Интонации, мимика Евгения Алексеевича — все подчинялось главной задаче: удержать внимание аудитории, донести материал даже до тугодумов и непосед. Зная, что большинство студентов не очень сильно в математике, Чудаков ухитрялся объяснять законы прочности, устойчивости и динамики автомобиля, используя лишь простейший, почти школьный, математический аппарат. Впоследствии его сын, ставший физиком-теоретиком, удивлялся этой способности отца. С теми задачами, которые Чудаков-младший в сороковых годах решал методами «высшего математического пилотажа», Чудаков-старший разбирался, используя простейшую математику. И ответы совпадали!
Особое восхищение у студентов вызывало то, что профессор никогда не читает «по бумажке». Он мог не помнить некоторых физических постоянных, каких-то коэффициентов и, ничуть не стесняясь, брал их значения из справочников. То же он разрешал делать и студентам во всех случаях. Но выводы формул, сложные теоретические построения, решения типовых технических задач проводил чисто, с эффектом, не заглядывая ни в печатные пособия, ни в собственные записи. «Если мы требуем от студента ответа на любой, даже самый неожиданный вопрос по программе без шпаргалок, то сами не имеем никакого права пользоваться теми же, по сути дела, шпаргалками на занятиях, все темы которых знаем заранее и к которым имеем возможность основательно подготовиться» — так формулировался один из главных педагогических принципов профессора Чудакова.

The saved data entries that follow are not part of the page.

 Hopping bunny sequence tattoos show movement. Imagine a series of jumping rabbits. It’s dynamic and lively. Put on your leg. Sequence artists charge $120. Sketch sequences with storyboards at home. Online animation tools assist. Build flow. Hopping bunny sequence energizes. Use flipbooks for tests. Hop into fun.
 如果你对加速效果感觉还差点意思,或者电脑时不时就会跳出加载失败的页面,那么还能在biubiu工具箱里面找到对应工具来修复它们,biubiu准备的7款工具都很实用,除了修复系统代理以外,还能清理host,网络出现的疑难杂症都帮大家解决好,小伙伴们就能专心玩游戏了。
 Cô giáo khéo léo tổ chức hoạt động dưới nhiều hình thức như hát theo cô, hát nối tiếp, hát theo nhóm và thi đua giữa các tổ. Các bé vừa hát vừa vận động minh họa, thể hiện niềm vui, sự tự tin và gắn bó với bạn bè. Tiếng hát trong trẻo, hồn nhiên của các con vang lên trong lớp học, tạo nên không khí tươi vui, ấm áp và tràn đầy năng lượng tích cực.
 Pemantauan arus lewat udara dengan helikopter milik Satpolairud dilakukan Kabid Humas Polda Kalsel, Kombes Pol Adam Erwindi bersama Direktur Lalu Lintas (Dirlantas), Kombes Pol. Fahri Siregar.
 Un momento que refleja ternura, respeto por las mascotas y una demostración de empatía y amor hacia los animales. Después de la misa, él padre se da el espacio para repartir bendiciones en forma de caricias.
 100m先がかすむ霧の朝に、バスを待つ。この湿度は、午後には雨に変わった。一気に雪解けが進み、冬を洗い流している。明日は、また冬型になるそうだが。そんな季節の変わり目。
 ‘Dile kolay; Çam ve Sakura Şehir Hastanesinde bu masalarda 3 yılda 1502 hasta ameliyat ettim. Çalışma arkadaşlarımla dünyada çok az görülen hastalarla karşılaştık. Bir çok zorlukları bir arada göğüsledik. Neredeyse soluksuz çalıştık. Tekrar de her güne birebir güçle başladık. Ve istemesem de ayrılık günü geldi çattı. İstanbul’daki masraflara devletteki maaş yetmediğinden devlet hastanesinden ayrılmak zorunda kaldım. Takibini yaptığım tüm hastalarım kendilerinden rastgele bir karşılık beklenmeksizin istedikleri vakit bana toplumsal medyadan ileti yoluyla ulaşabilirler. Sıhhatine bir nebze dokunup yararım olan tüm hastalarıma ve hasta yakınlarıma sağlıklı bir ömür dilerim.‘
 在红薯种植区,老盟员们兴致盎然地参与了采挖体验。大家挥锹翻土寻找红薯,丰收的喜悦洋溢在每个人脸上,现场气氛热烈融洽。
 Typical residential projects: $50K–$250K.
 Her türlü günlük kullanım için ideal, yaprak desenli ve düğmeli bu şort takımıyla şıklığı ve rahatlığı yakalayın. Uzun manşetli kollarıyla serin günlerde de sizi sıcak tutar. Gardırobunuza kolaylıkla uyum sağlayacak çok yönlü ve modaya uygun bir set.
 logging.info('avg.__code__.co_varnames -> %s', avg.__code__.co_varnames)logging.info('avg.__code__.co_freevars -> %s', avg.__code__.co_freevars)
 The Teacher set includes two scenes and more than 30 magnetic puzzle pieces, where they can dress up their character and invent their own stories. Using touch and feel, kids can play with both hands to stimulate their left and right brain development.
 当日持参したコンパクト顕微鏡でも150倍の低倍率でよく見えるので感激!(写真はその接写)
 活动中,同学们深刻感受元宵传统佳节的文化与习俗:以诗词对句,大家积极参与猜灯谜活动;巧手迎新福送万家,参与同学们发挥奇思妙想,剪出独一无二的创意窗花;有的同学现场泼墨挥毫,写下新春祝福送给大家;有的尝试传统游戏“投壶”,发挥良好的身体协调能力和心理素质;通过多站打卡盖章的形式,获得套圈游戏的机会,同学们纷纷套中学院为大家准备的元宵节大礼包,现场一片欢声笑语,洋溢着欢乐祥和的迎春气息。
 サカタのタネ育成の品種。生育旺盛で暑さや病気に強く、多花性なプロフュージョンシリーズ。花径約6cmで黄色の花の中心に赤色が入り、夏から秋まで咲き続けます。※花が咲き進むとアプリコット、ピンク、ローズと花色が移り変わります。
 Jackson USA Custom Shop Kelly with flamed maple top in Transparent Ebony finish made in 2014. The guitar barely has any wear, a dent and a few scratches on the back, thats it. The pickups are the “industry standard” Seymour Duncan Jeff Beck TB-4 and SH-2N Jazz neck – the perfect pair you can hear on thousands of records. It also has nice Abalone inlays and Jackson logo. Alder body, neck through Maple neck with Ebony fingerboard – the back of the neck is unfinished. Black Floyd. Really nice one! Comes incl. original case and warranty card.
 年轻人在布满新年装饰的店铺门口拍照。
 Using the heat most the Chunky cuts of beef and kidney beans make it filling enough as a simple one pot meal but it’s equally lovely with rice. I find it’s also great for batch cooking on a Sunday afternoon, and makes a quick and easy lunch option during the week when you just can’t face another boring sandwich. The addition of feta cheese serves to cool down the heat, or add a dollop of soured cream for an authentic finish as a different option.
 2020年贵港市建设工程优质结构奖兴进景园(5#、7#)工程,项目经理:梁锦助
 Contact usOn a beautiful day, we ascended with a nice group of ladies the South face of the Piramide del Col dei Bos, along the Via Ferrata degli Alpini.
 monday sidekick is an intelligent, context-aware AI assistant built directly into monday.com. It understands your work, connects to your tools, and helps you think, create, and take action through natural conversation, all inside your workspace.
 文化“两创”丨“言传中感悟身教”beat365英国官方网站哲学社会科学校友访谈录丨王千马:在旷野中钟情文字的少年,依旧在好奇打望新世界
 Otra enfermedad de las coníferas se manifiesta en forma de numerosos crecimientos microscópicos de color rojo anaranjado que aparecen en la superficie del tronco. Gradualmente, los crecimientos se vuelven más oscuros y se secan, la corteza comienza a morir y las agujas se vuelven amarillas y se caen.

Немудрено, что популярность Чудакова-преподавателя стала быстро расти. Его начали приглашать читать лекции почти во все учебные заведения Москвы, где преподавались автомобильные дисциплины. И как ни странно, Евгений Алексеевич в большинстве случаев соглашался, хотя времени для этого, казалось, не было совсем. Особо остро чувствовал он необходимость помочь молодым специалистам советского автомобилестроения выйти на уровень техники ведущих автомобильных держав. А уровень этот к середине двадцатых годов был весьма высоким.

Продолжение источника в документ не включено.